You can ensure that the Articles and the Shareholders’ Agreement say that in the event of a dispute you should go to Mediation in the first place.
Mediation is a service we offer.
Participating in Mediation is often cost effective and can be organised very quickly, rather than a long drawn out process of litigation which tends to be expensive.
But if Mediation fails, the Articles of the Shareholders’ Agreement can impose an agreed mechanism for shareholders to resolve disputes around the company.
Commonly, in the Shareholders Agreement an aggrieved shareholder would have the right to require others to buy them out at a fair price.
Often there are pre-emption rights, i.e. one side must offer to buy the other side out. Often the one offering the highest price can buy the shares of the other.
It is important to consider that a shareholder/director who works in the business is very likely to be an employee, even where there is no written contract of employment.
Employment rights will therefore apply as with any other employee. Care needs to be taken to ensure that these rights are considered and settled as part of any final agreement.
Major decisions of a company are made by the directors in Board meeting, usually by a majority vote with the Chairperson having a casting vote in the event of a draw. The majority of the Board can usually force through any decisions.

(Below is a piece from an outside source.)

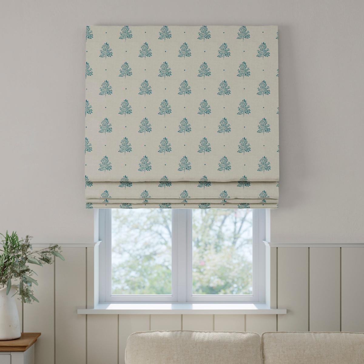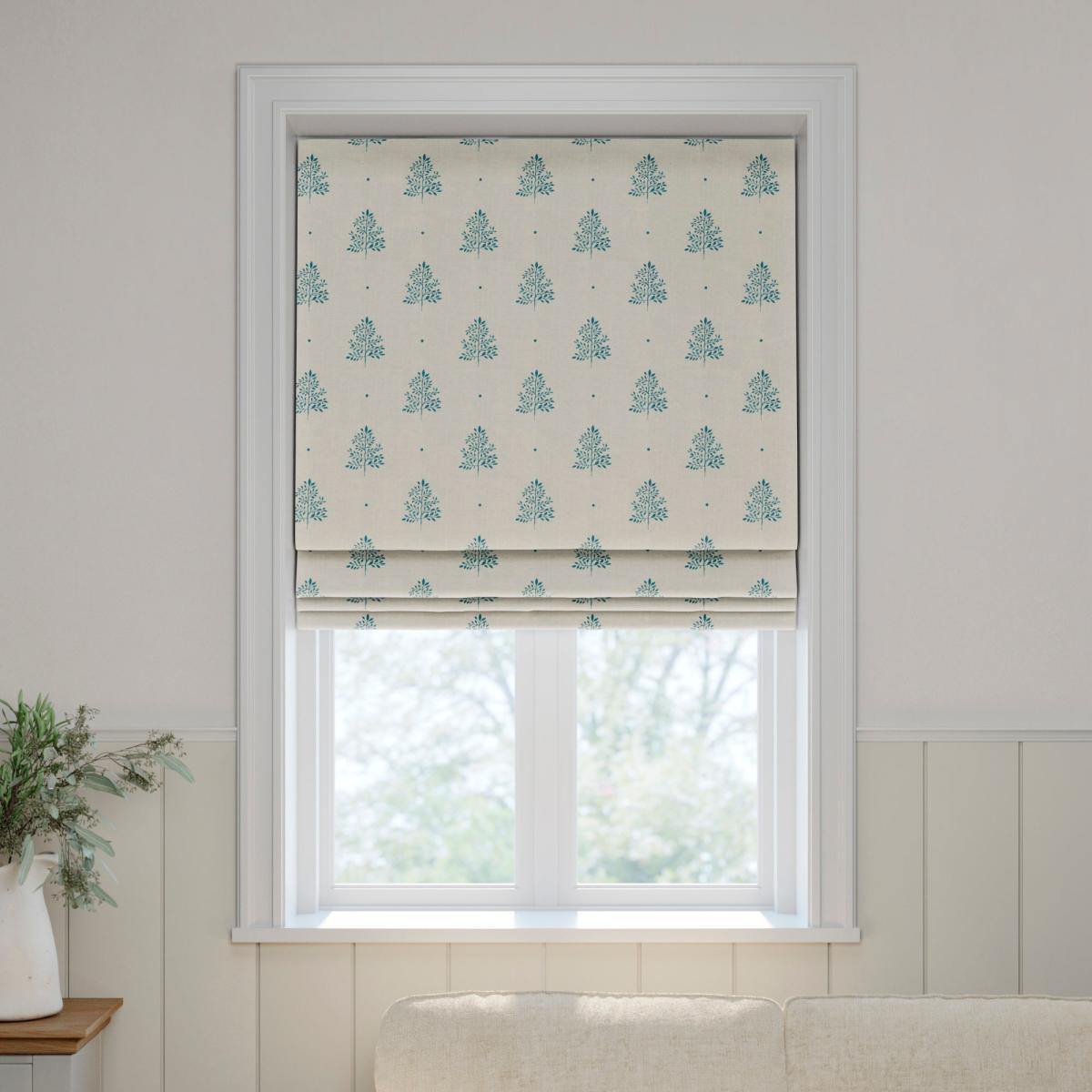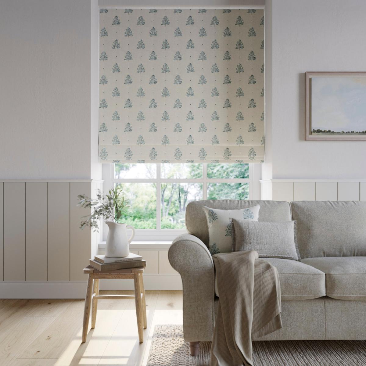 * Robust 100% Cotton composition with a linen-look finish* Block print Tree design inspired by nature* Choose from 3 linings* Select your fitting type* Pick a side for the operating chain* Coordinating Made to Measure and Made to Order items available to purchase separately Inspired by the rustic charm of rural Bristol, Emily Bond brings a farmhouse aesthetic to her designs. The Zachary range, created in collaboration with Dunelm, is crafted from a sturdy and durable 100% cotton base with a linen-look finish. Customize your blinds with a choice of three lining options—regular, blackout, or thermal—tailored to your needs for light control and insulation. Choose your preferred fitting type and chain position for easy operation and a perfect fit. Pair with coordinating Made to Measure items for a cohesive, polished look throughout your home.**Choosing your lining:*** Blackout provides minimal light disturbance in your home making it perfect for bedrooms. * Thermal helps to keep the warmth in and the cool air out meaning it’s great for family rooms or lounges. * Our Standard Lining is perfect if you like the glow of natural light whilst your curtains are closed whilst still maintaining your privacy.**Choosing your fitting type:*** Inside the recess: this gives a tidy, snug finish as it’s made to fit your window exactly. * Outside the recess: this option is great if you don’t want the blind to be visible from the outside when it’s drawn up.**Choosing which side you’d like the operating chain:*** Think about where your blind will be situated and what furniture may be near it – choose the side that is easier for you to access.**Need help deciding or measuring?**Book a free appointment with one of our consultants! dunelm. com/category/made-to-measure/book-an-appointment).**Child Safety:**We add clips to the back of our roman blinds to attach the cords to the fabric. They also double up as a child safety feature. If pressure is exerted the clips will detach to prevent the risk of strangulation. Please read our [Blinds Safety Guide](https://www. dunelm. com/info/buying-guides/blinds-safety-guidance) for more information. If the clips detach accidentally during normal use, they can be easily re-clipped back into place.**Please note:** If your measured width is over 130cm your blinds may come with a fabric join to provide the full width required.

But these normal rules do not apply in some important decisions by the Board which need to be passed by a higher percentage than just a majority vote. Sometimes there needs to be unanimity in voting. This is infrequently achieved.

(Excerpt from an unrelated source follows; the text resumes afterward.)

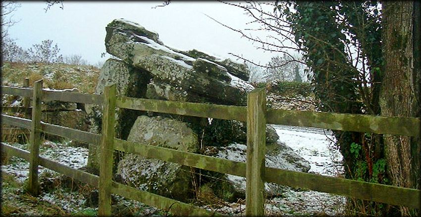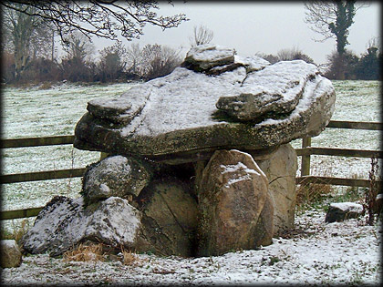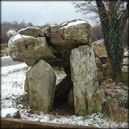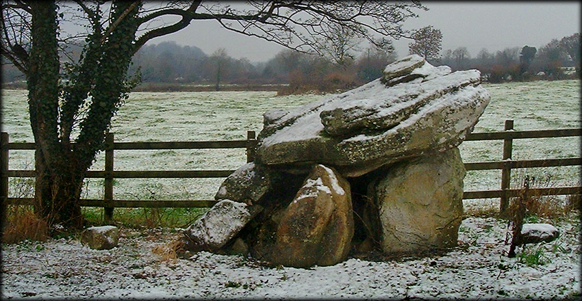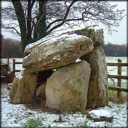 Annaghmore Portal tomb 30th December 2003, my last trip of the year, I decided to visit some easily accessible sites. This gorgeous little portal tomb was the second on my list for the day. Situated in a roadside niche not too far from my first point of call, the ogham stone at Cloonmorris, I was really impressed with this small compact portal tomb. Maybe it was the snow or the donkeys in the field behind me but I was delighted that I had made the effort to visit this particular megalithic tomb.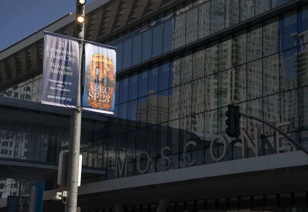 旧金山的亚太经合组织会议场地外的宣传海报

All directors have legal duties and responsibilities owed to the company. That duty is to act in the best interests of the company. Breach of that duty could make the directors in breach personally liable to pay over damages which may include any profit they have made/reimburse the company for losses arising from the breach.
Usually, directors’ and officers’ liability insurance is taken out & the company may agree to indemnify directors against certain liabilities.